Egidi, Leonardo, Roberta Pappadà, Francesco Pauli, and Nicola Torelli. 2018a. “Maxima Units Search (MUS) Algorithm: Methodology and Applications.” In Studies in Theoretical and Applied Statistics, edited by C. Perna, M. Pratesi, and A. Ruiz-Gazen, 71–81. Springer.
———. 2018b. “Relabelling in Bayesian Mixture Models by Pivotal Units.” Statistics and Computing 28 (4): 957–69.
Frühwirth-Schnatter, Sylvia. 2001. “Markov Chain Monte Carlo Estimation of Classical and Dynamic Switching and Mixture Models.” Journal of the American Statistical Association 96 (453): 194–209.

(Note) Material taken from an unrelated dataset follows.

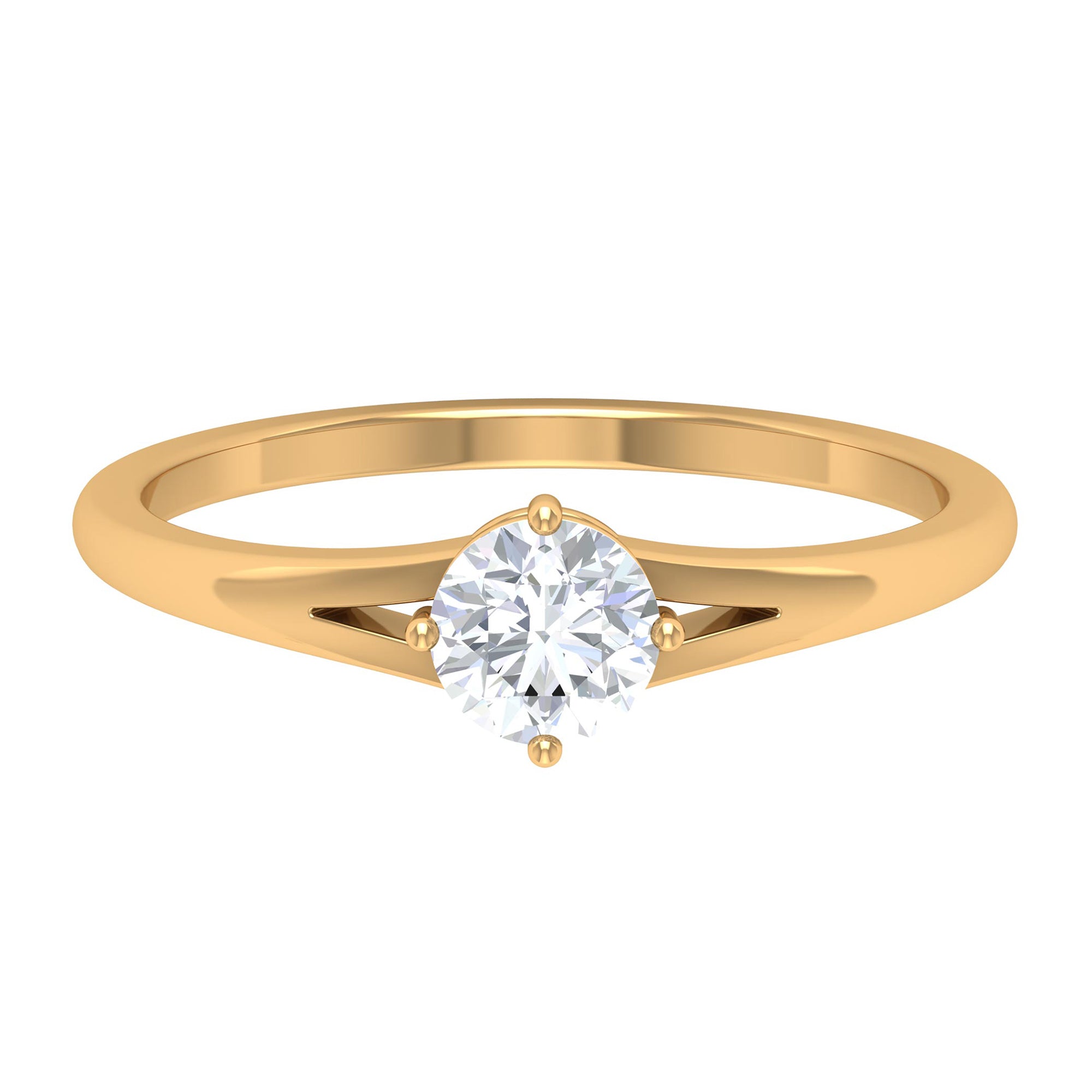 5 MM Round Cut Zircon Solitaire Ring in Gold with Split Shank

Frühwirth-Schnatter, Sylvia, and Gertraud Malsiner-Walli. 2019. “From Here to Infinity: Sparse Finite Versus Dirichlet Process Mixtures in Model-Based Clustering.” Advances in Data Analysis and Classification 13 (1): 33–64.

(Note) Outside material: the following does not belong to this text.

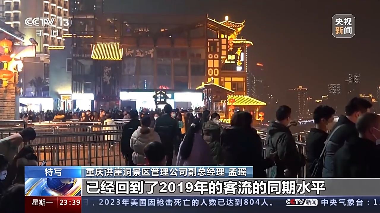 重慶洪崖洞景區(qū)管理公司副總經(jīng)理 孟瑤:本來按照我們的預(yù)估,可能會(huì)在今年的二到三月份,游客量會(huì)有一個(gè)明顯的回升。元旦的第一天和第二天,我們的客流分別已經(jīng)達(dá)到了6.4萬和6.2萬,已經(jīng)回到了2019年的客流的同期水平,甚至已經(jīng)超過了17%。

Grün, B. 2011. bayesmix: Bayesian Mixture Models with JAGS. R Package Version 0.7-2.” https://CRAN.R-project.org/package=bayesmix.

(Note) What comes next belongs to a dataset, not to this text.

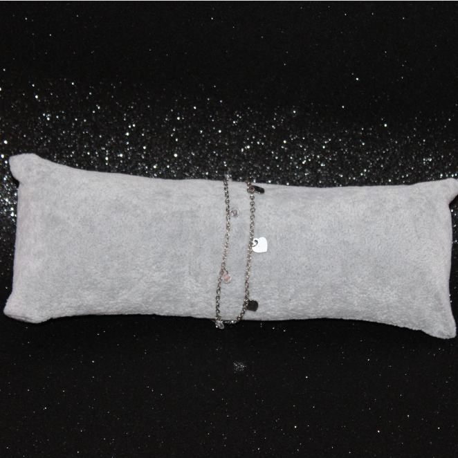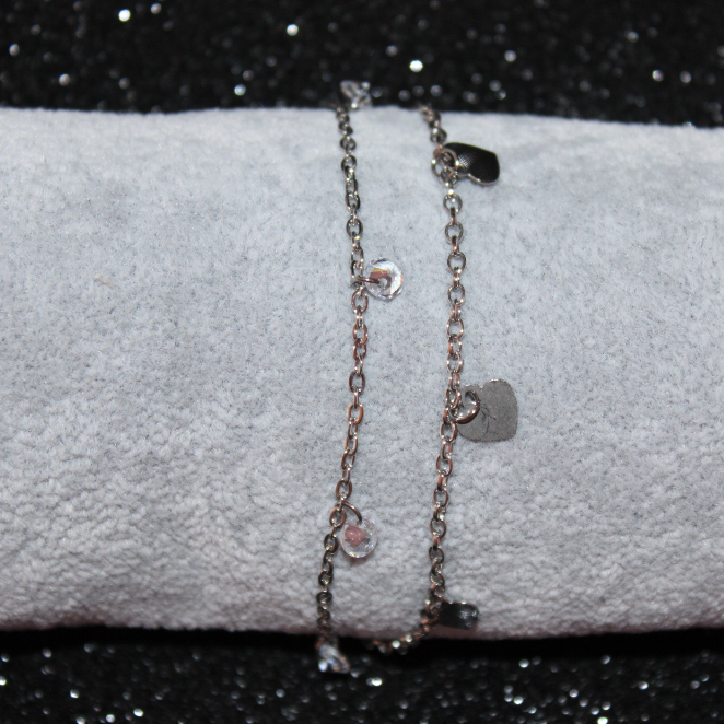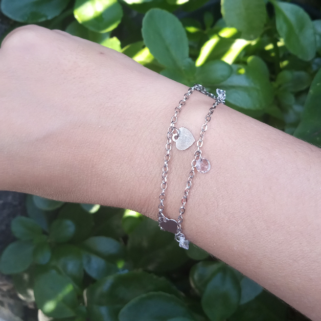 Pulseira Dupla Corações e Pedras - Semijoia Confeccionada em Aço Inoxidável

Papastamoulis, Panagiotis. 2016. label.switching: An R Package for Dealing with the Label Switching Problem in MCMC Outputs.” Journal of Statistical Software, Code Snippets 69 (1): 1–24. https://doi.org/10.18637/jss.v069.c01.
Titterington, D Michael, Adrian FM Smith, and Udi E Makov. 1985. Statistical Analysis of Finite Mixture Distributions. Wiley.